I am interested in evaluating the limit $\lim_{z\rightarrow 0}P(z)$. I am wondering if there is any nice expression for this limit, perhaps as another hypergeometric function. I would be thrilled if the limit is another integral. In fact, I know that $P(z)$ itself is a polynomial, so there's a lot of magic happening to make this work.

The difficulty is resolving the singularity at $z=0,t=1$. It seems like all of the terms in the hypergeometric function contribute to this integral. Notice that one cannot just write the hypergeometric function as a sum and then swap the swap the sum with the integral and the limit. I've tried a number of Kummer transformations to somehow make things nicer but I haven't see much progress. I've consulted a number of integral tables but haven't seen such an integral come up.

One thing I've noticed is that since $-T$ is a negative integer, the hypergeometric function is a finite polynomial. In fact, it is proportional to the Jacobi polynomial $P_T^{(N+1-T,-1)}\left[\frac{1-t(1+z)}{1-t(1-z)}\right]$. I mention this because the $(1-t^2)^{n-2}$ term reminds me of the orthogonality weight for certain Jacobi polynomials, so perhaps some nice inner product is being computed here? Moreover, the full ratio $(1-t^2)^{n-2}/(1-(1-z)t)^{N+1}$ looks like the primary term involved in the Schlafli integral representation for Associated Legendre polynomials, although there the integral is on $[-1,1]$ or on a contour surrounding $1/(1-z)$.

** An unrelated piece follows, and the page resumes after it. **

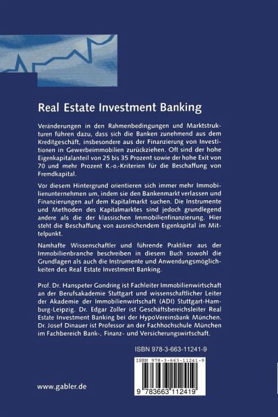 Namhafte Wissenschaftler und führende Praktiker aus der Immobilienbranche beschreiben in diesem Buch sowohl die Grundlagen als auch die Instrumente und Anwendungsmöglichkeiten des Real Estate Investment Banking.

I was thinking of splitting the integral into two pieces: $\int_0^1=\int_0^c+\int_c^1$, with hopes that if $c$ is chosen carefully (as a function of $z$), only the latter integral contributes. It baffles me though, how to obtain some kind of uniform bound on the hypergeometric part with $z\approx 0$ and $t\approx 1$. Is there perhaps some modification of steepest descent or saddle point methods that would apply here?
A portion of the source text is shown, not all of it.